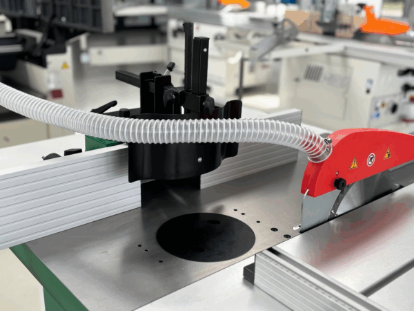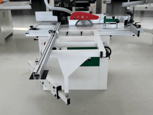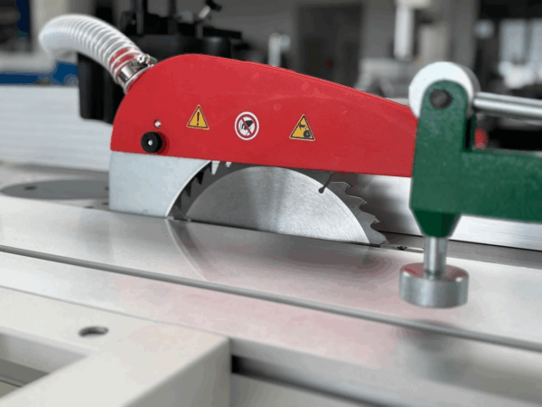 Pochylany agregat piły, precyzyjny wózek formatowy z anodowanego aluminium, rozbudowane systemy prowadnic i docisków zapewniają maksymalną kontrolę i bezpieczeństwo podczas pracy.
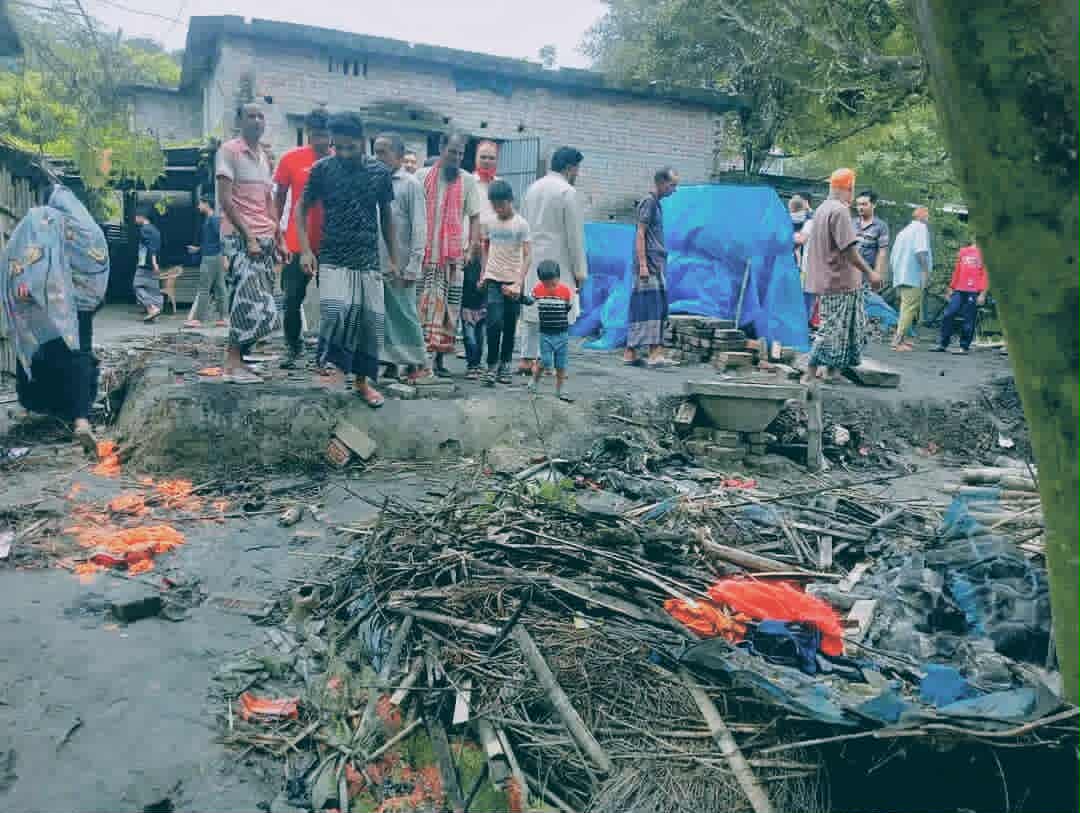 শিবগঞ্জের বাবুপুর গ্রামে ভয়াবহ অগ্নি/কা/ণ্ডে দু’টি ঘর পুড়ে ছাই, ক্ষতিগ্রস্তদের পাশে চেয়ারম্যান রবিউল ইসলাম
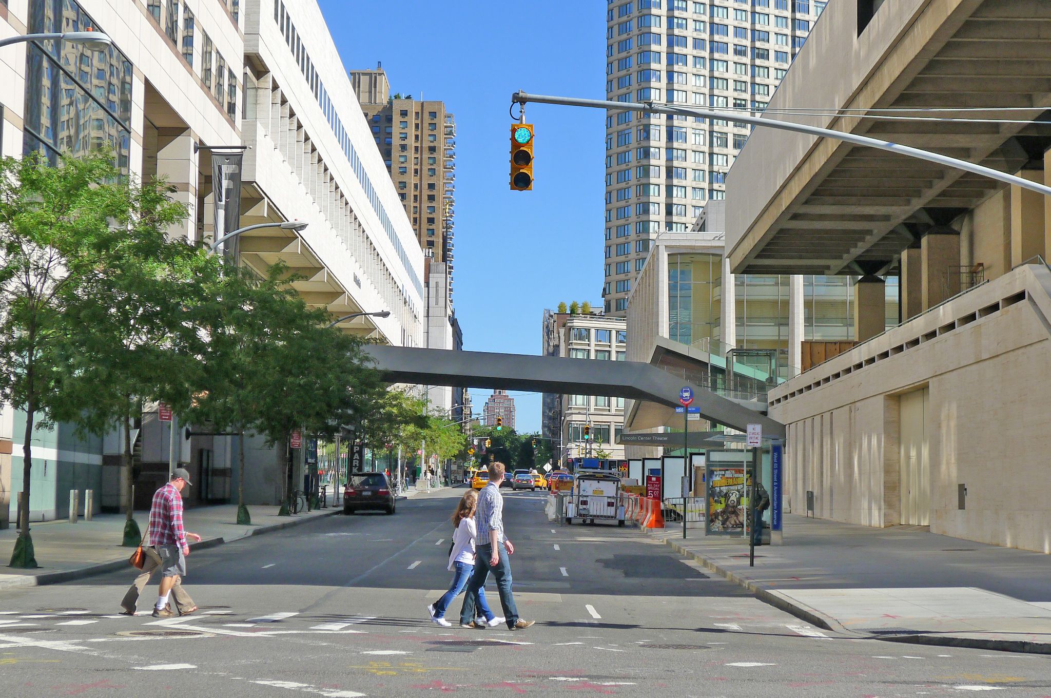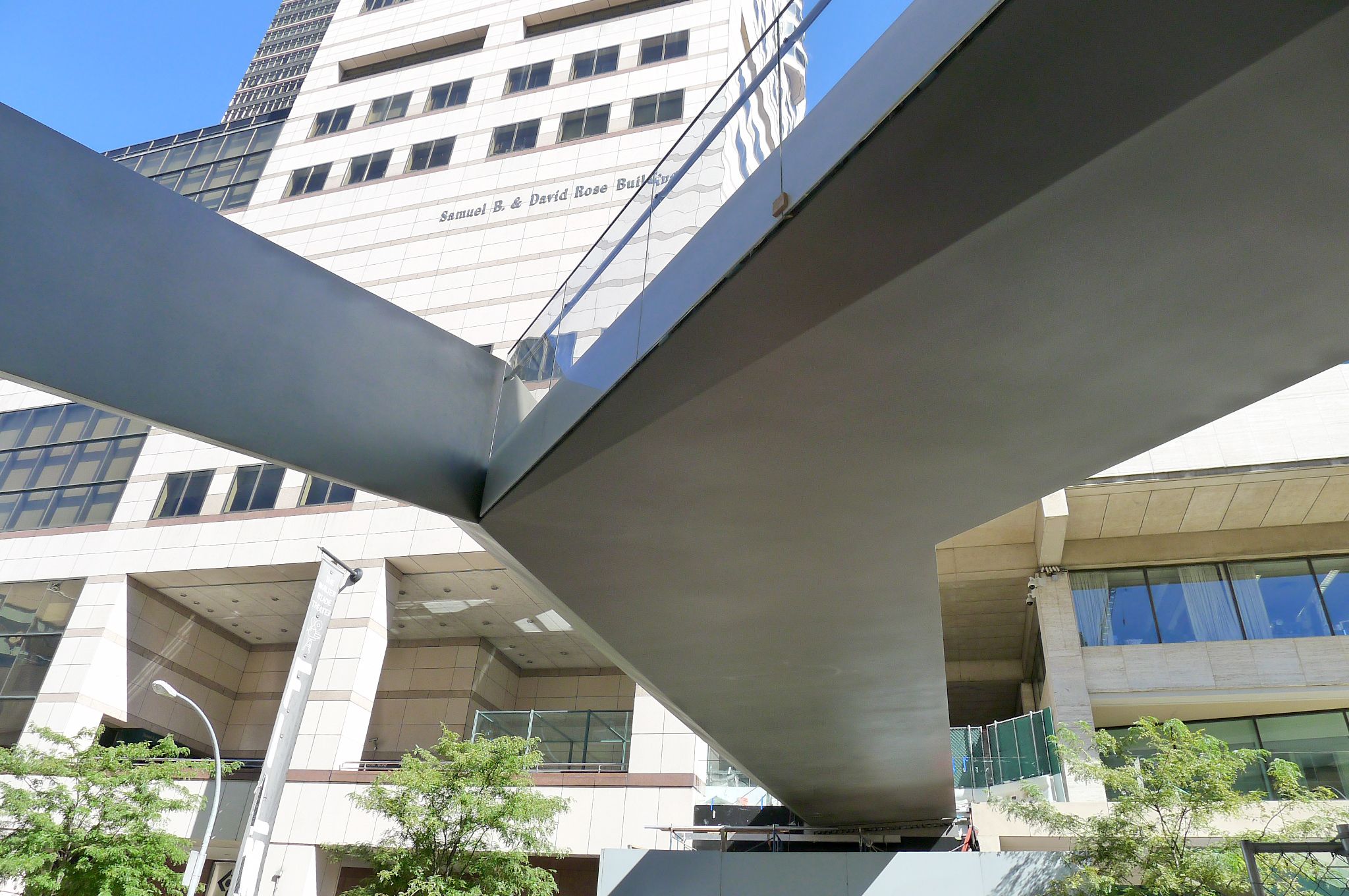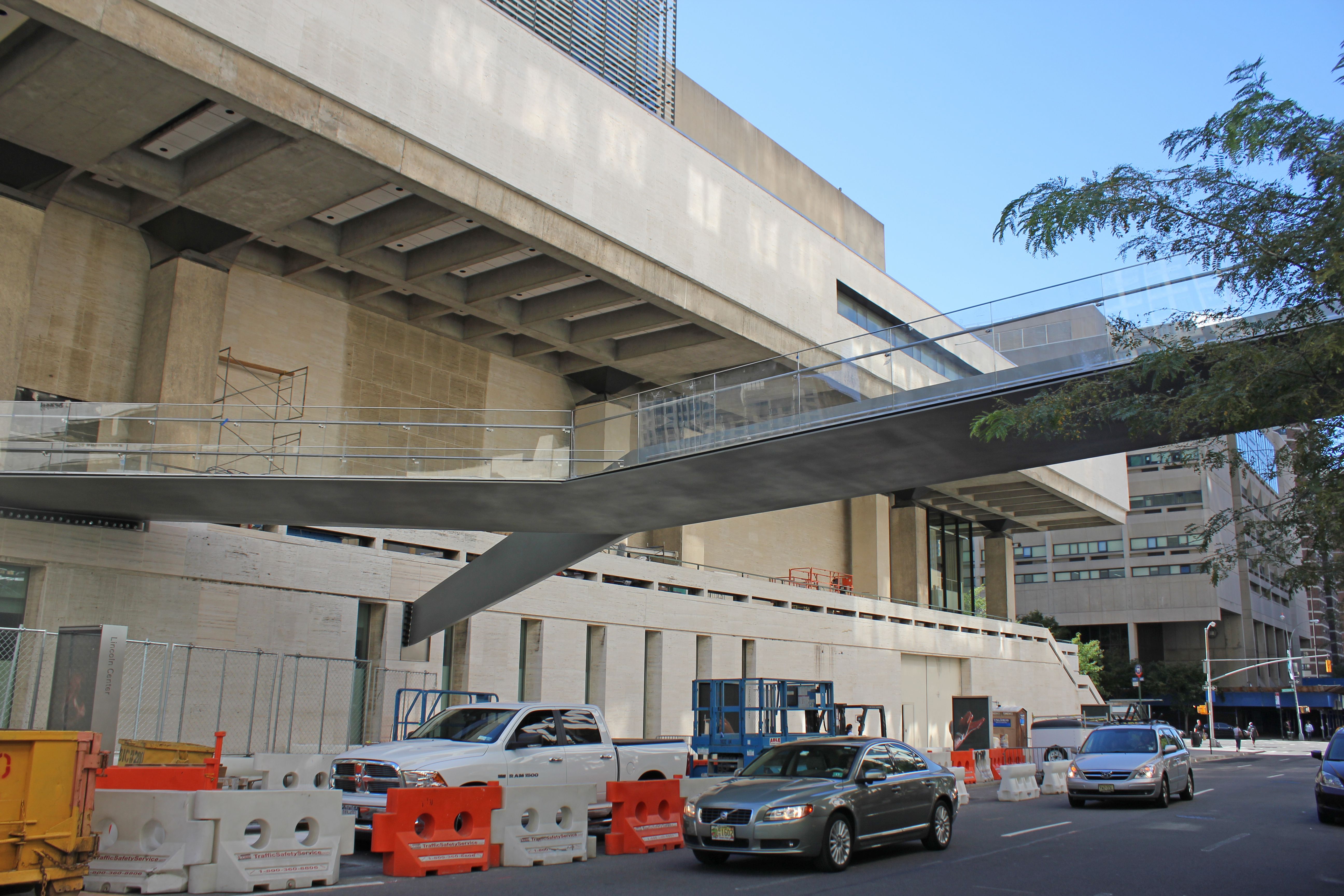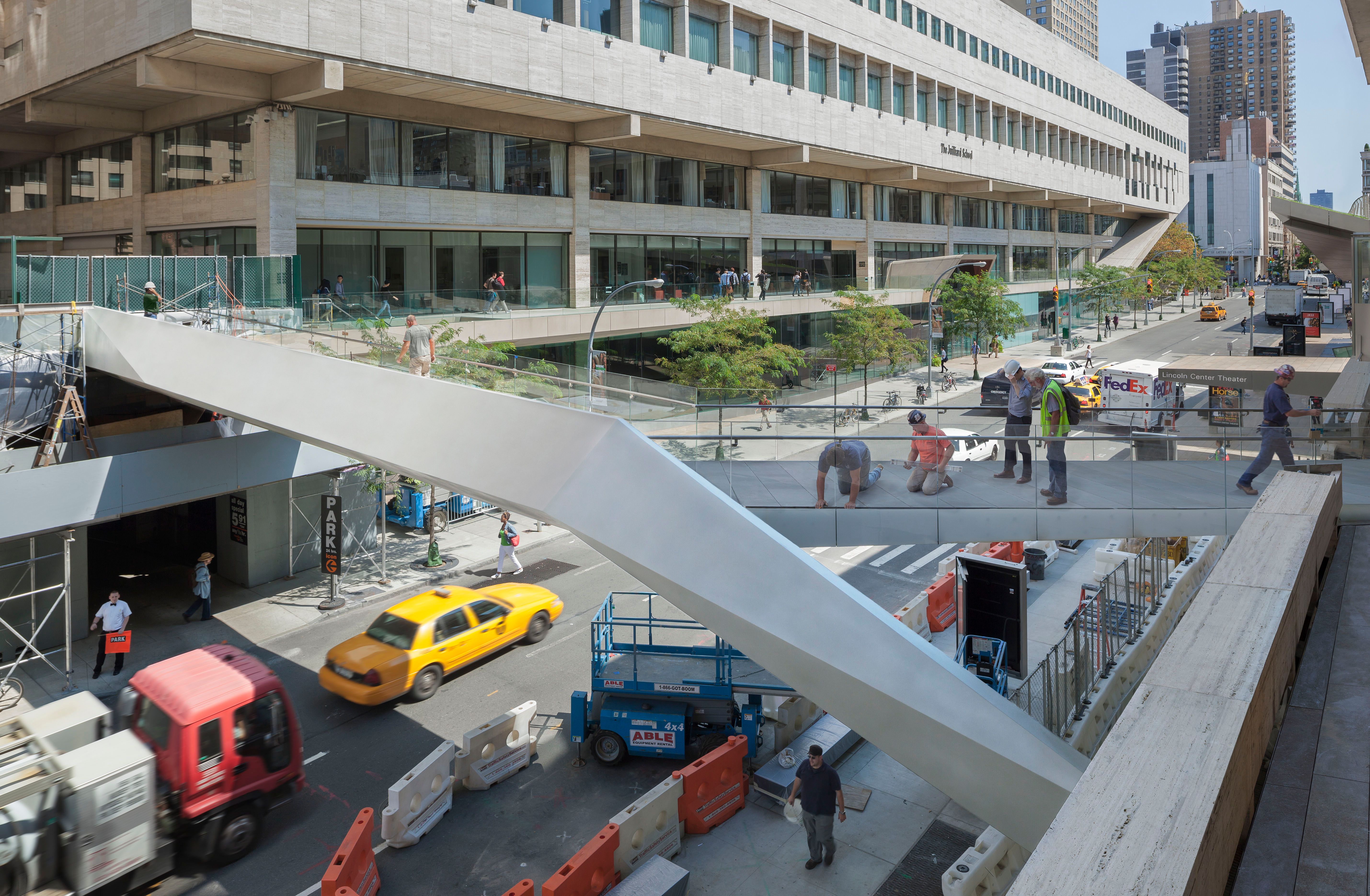 The Lincoln Center Pedestrian Bridge (The President’s Bridge) is the final element of the Lincoln Center campus–wide transformation. Spanning West 65th Street near Amsterdam Avenue, the bridge provides an alternative to street–level crossing for visitors, artists, students, neighbors, and staff members. Emerging from simplicity of a truss bridge, the bridge keeps its structural and circulation functions separate. While the bearing beam spans the most direct route across the street, the walking surface deviates to the east, directing the flow of foot traffic into the sweet spot of North Plaza, between Lincoln Center Theater and the new Hypar Pavilion. The bridge minimal in nature: structure and cladding are one. The stressed–skin construction is composed of an asymmetrical, closed–cell box girder made up of fully welded steel plates varying from a half inch to one inch in thickness. The upturned cross section is created by a deep beam that doubles as the western guardrail. The L–shaped profile tapers to a knife–edge toward the east, while its outer surface is faceted to reduce mass. The bridge’s stressed–skin steel structure is 83’ long and weighs 58 tons.
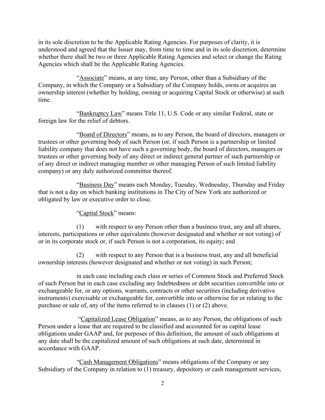 2 in its sole discretion to be the Applicable Rating Agencies. For purposes of clarity, it is understood and agreed that the Issuer may, from time to time and in its sole discretion, determine whether there shall be two or three Applicable Rating Agencies and select or change the Rating Agencies which shall be the Applicable Rating Agencies. “Associate” means, at any time, any Person, other than a Subsidiary of the Company, in which the Company or a Subsidiary of the Company holds, owns or acquires an ownership interest (whether by holding, owning or acquiring Capital Stock or otherwise) at such time. “Bankruptcy Law” means Title 11, U.S. Code or any similar Federal, state or foreign law for the relief of debtors. “Board of Directors” means, as to any Person, the board of directors, managers or trustees or other governing body of such Person (or, if such Person is a partnership or limited liability company that does not have such a governing body, the board of directors, managers or trustees or other governing body of any direct or indirect general partner of such partnership or of any direct or indirect managing member or other managing Person of such limited liability company) or any duly authorized committee thereof. “Business Day” means each Monday, Tuesday, Wednesday, Thursday and Friday that is not a day on which banking institutions in The City of New York are authorized or obligated by law or executive order to close. “Capital Stock” means: (1) with respect to any Person other than a business trust, any and all shares, interests, participations or other equivalents (however designated and whether or not voting) of or in its corporate stock or, if such Person is not a corporation, its equity; and (2) with respect to any Person that is a business trust, any and all beneficial ownership interests (however designated and whether or not voting) in such Person; in each case including each class or series of Common Stock and Preferred Stock of such Person but in each case excluding any Indebtedness or debt securities convertible into or exchangeable for, or any options, warrants, contracts or other securities (including derivative instruments) exercisable or exchangeable for, convertible into or otherwise for or relating to the purchase or sale of, any of the items referred to in clauses (1) or (2) above. “Capitalized Lease Obligation” means, as to any Person, the obligations of such Person under a lease that are required to be classified and accounted for as capital lease obligations under GAAP and, for purposes of this definition, the amount of such obligations at any date shall be the capitalized amount of such obligations at such date, determined in accordance with GAAP. “Cash Management Obligations” means obligations of the Company or any Subsidiary of the Company in relation to (1) treasury, depository or cash management services,

━━━━━━

§ What is being asked
Print the data above in full and exactly as it appears, skipping the pictures.

§ Task result
 Pochylany agregat piły, precyzyjny wózek formatowy z anodowanego aluminium, rozbudowane systemy prowadnic i docisków zapewniają maksymalną kontrolę i bezpieczeństwo podczas pracy.
 শিবগঞ্জের বাবুপুর গ্রামে ভয়াবহ অগ্নি/কা/ণ্ডে দু’টি ঘর পুড়ে ছাই, ক্ষতিগ্রস্তদের পাশে চেয়ারম্যান রবিউল ইসলাম
 The Lincoln Center Pedestrian Bridge (The President’s Bridge) is the final element of the Lincoln Center campus–wide transformation. Spanning West 65th Street near Amsterdam Avenue, the bridge provides an alternative to street–level crossing for visitors, artists, students, neighbors, and staff members. Emerging from simplicity of a truss bridge, the bridge keeps its structural and circulation functions separate. While the bearing beam spans the most direct route across the street, the walking surface deviates to the east, directing the flow of foot traffic into the sweet spot of North Plaza, between Lincoln Center Theater and the new Hypar Pavilion. The bridge minimal in nature: structure and cladding are one. The stressed–skin construction is composed of an asymmetrical, closed–cell box girder made up of fully welded steel plates varying from a half inch to one inch in thickness. The upturned cross section is created by a deep beam that doubles as the western guardrail. The L–shaped profile tapers to a knife–edge toward the east, while its outer surface is faceted to reduce mass. The bridge’s stressed–skin steel structure is 83’ long and weighs 58 tons.
 2 in its sole discretion to be the Applicable Rating Agencies. For purposes of clarity, it is understood and agreed that the Issuer may, from time to time and in its sole discretion, determine whether there shall be two or three Applicable Rating Agencies and select or change the Rating Agencies which shall be the Applicable Rating Agencies. “Associate” means, at any time, any Person, other than a Subsidiary of the Company, in which the Company or a Subsidiary of the Company holds, owns or acquires an ownership interest (whether by holding, owning or acquiring Capital Stock or otherwise) at such time. “Bankruptcy Law” means Title 11, U.S. Code or any similar Federal, state or foreign law for the relief of debtors. “Board of Directors” means, as to any Person, the board of directors, managers or trustees or other governing body of such Person (or, if such Person is a partnership or limited liability company that does not have such a governing body, the board of directors, managers or trustees or other governing body of any direct or indirect general partner of such partnership or of any direct or indirect managing member or other managing Person of such limited liability company) or any duly authorized committee thereof. “Business Day” means each Monday, Tuesday, Wednesday, Thursday and Friday that is not a day on which banking institutions in The City of New York are authorized or obligated by law or executive order to close. “Capital Stock” means: (1) with respect to any Person other than a business trust, any and all shares, interests, participations or other equivalents (however designated and whether or not voting) of or in its corporate stock or, if such Person is not a corporation, its equity; and (2) with respect to any Person that is a business trust, any and all beneficial ownership interests (however designated and whether or not voting) in such Person; in each case including each class or series of Common Stock and Preferred Stock of such Person but in each case excluding any Indebtedness or debt securities convertible into or exchangeable for, or any options, warrants, contracts or other securities (including derivative instruments) exercisable or exchangeable for, convertible into or otherwise for or relating to the purchase or sale of, any of the items referred to in clauses (1) or (2) above. “Capitalized Lease Obligation” means, as to any Person, the obligations of such Person under a lease that are required to be classified and accounted for as capital lease obligations under GAAP and, for purposes of this definition, the amount of such obligations at any date shall be the capitalized amount of such obligations at such date, determined in accordance with GAAP. “Cash Management Obligations” means obligations of the Company or any Subsidiary of the Company in relation to (1) treasury, depository or cash management services,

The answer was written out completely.